A Study to Evaluate the Safety and Effectiveness of a Nasal Spray to Treat Seasonal Allergies

This study has been completed.
Sponsor:
Information provided by:
Meda Pharmaceuticals
ClinicalTrials.gov Identifier:
NCT00660829
First received: April 14, 2008
Last updated: February 19, 2010
Last verified: January 2010
  Purpose

The Purpose of this study is to determine if one allergy medication (0.15% azelastine hydrochloride) is more effective than Placebo alone.

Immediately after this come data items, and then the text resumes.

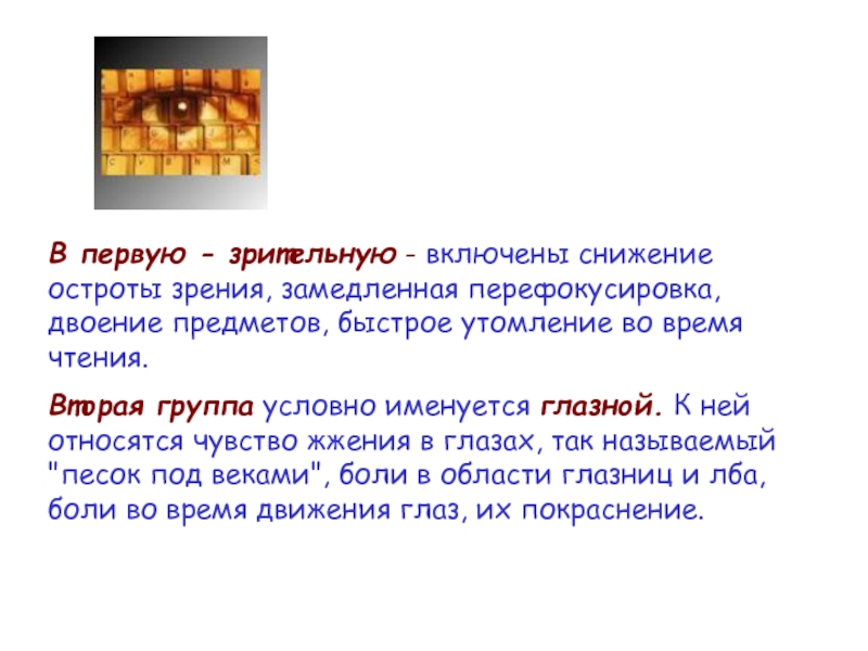 пользователей. Он появляется у всех, кто регулярно проводит у экрана компьютера более 6 часов в день. Симптомы этого заболевания можно поделить на две группы.
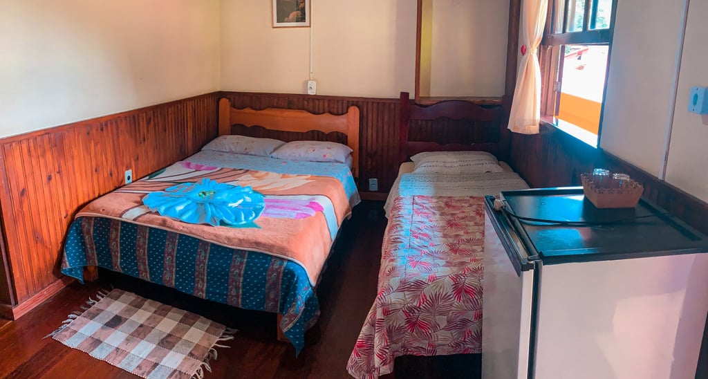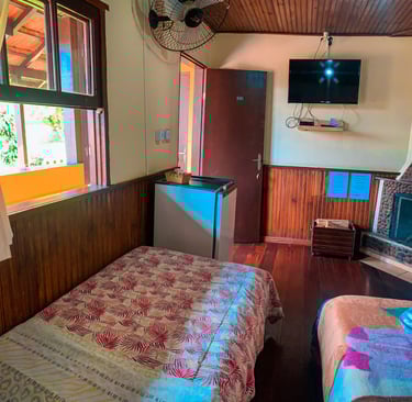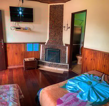 Ideal para pequenos grupos ou famílias, com uma cama de casal e uma cama de solteiro. A lareira deixa o ambiente ainda mais acolhedor. A hospedagem perfeita para curtir Visconde de Mauá com quem você ama, em meio à natureza.
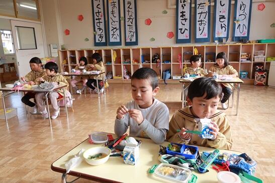 1月12日(金)昨日かがやきファーム(園畑)で収穫したダイコンを使った、福島の郷土料理「ひきな炒り」をいただきました。
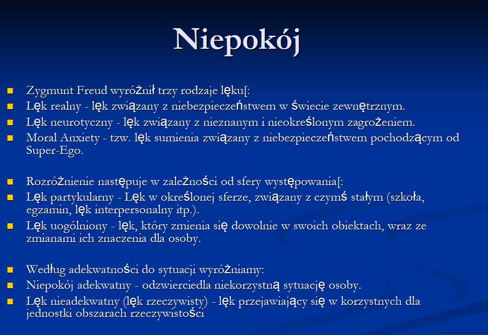 I tak, niepok'oj. Takie zlozone pojecie, tu na tym slajdzie oficjalne wersje tego, co to jest. Powiem ci w prostych slowach. Co to jest lek? Nie mozemy go zdefiniowa'c, bo wszyscy, kt'orzy z nim pracuja, kt'orzy pisza ksiazki i tak dalej, nie zdefiniowali go. Zdefiniujmy to tak, aby podczas wykladu bylo jasne, co mam na my'sli. Tak wiec, og'olnie rzecz biorac. Co bedziemy odr'oznia'c strach od leku, w tym, ze strach wyraza konkretnie obawe przed czym's, konkretno's'c, natomiast lek to taki stan og'olny, podniecenie. A w prostych slowach staralem sie tu napisa'c, ze lek z okre'slonego powodu to nadal lek, a lek bez powodu to nerwica. To samo, ze lek bez przyczyny tez jest nerwica. Tutaj podalem przyklad Zaburzenia obsesyjno-kompulsyjne, moze to by'c r'owniez hipochondria. I wszystko w zasadzie. Kazdy neurotyczny lek. Lek i strach to w zasadzie to samo, tylko strach jest wyra'zny, lek jest niewyra'zny. Dla obu sa dwa stany. Stan normalny i stan neurotyczny. Normalne jest wtedy, gdy boje sie czego's normalnego. Jest dom w ogniu i jest strach. To jest logiczne, jasne, normalne. Kiedy siedze i my'sle, ze co je'sli moze doj's'c do pozaru, to mam nerwice, bo nie ma takich warunk'ow, nie ma sytuacji, kt'ora moglaby stanowi'c jakie's zagrozenie, ale staje sie niespokojny; to sie nazywa nerwica.
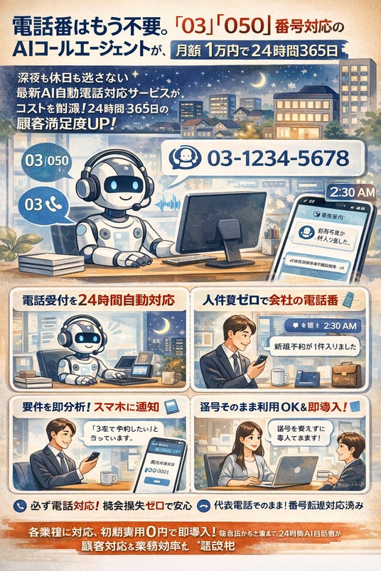 ~「03」「050」番号対応。深夜も休日も、AIがあなたの代わりに電話を受けます~
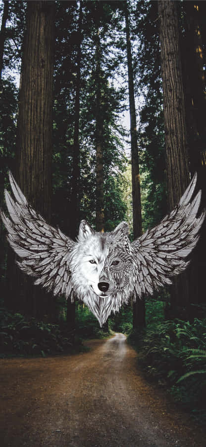 “a Powerful And Majestic Winged Wolf Takes Flight” Wallpaper
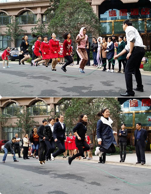 每支代表队共有8人(摇绳2人,跳绳6人)参赛,比赛时限3分钟,以跳跃成功次数多少排出名次。赛场上,只见参赛队员身轻如燕,上下跃动,随绳起舞。有时由于各队员动作不协调而使跳绳中断,但在队长的口令下,身心经过短暂调整后,又继续比赛,没有放弃;有的参赛队多次出现跳绳中断,但他们没有气馁,“我们的目标是30个!”通过这种设定目标个数的方式为自己打气,达到目标后,又不断调高目标为自己加压,“我们的目标是50个!”跳绳要讲究技巧,摇绳同样需要恰到好处的力道和技巧,但见有的参赛队的年长队员老当益壮,时而俯身摇绳,时而起身为跳绳队员加油打气。现场观众也是凝神屏气,数着跳绳个数,为参赛队员鼓劲助威,“……119,120,121!”现场欢呼雀跃,荆门逸居酒店一队以121个的绝对优势夺取冠军。

Condition Intervention Phase
Seasonal Allergic Rhinitis
Drug: Placebo
Drug: 0.15% Azelastine Hydrochloride
Phase 3

Study Type: Interventional
Study Design: Allocation: Randomized
Endpoint Classification: Safety/Efficacy Study
Intervention Model: Parallel Assignment
Masking: Double Blind (Subject, Caregiver, Investigator, Outcomes Assessor)
Primary Purpose: Treatment
Official Title: Randomized, Double-Blind, Placebo-Controlled Trial of the Safety and Efficacy of MP03-36 in Subjects With Seasonal Allergic Rhinitis

Resource links provided by NLM:


Further study details as provided by Meda Pharmaceuticals:

Primary Outcome Measures:
  • Change From Baseline in 12-hour Reflective Total Nasal Symptom Score (TNSS) (AM and PM Combined)at 14 Days [ Time Frame: baseline and 14 days ] [ Designated as safety issue: No ]

    reflective total nasal symptom score consisting of runny nose, itchy nose, nasal congestion, and sneezing was assessed twice daily. Each symptom is rated on a scale from 0-3: 0=none, 1=mild, 2=moderate, and 3=severe. Total possible score is 24 per day.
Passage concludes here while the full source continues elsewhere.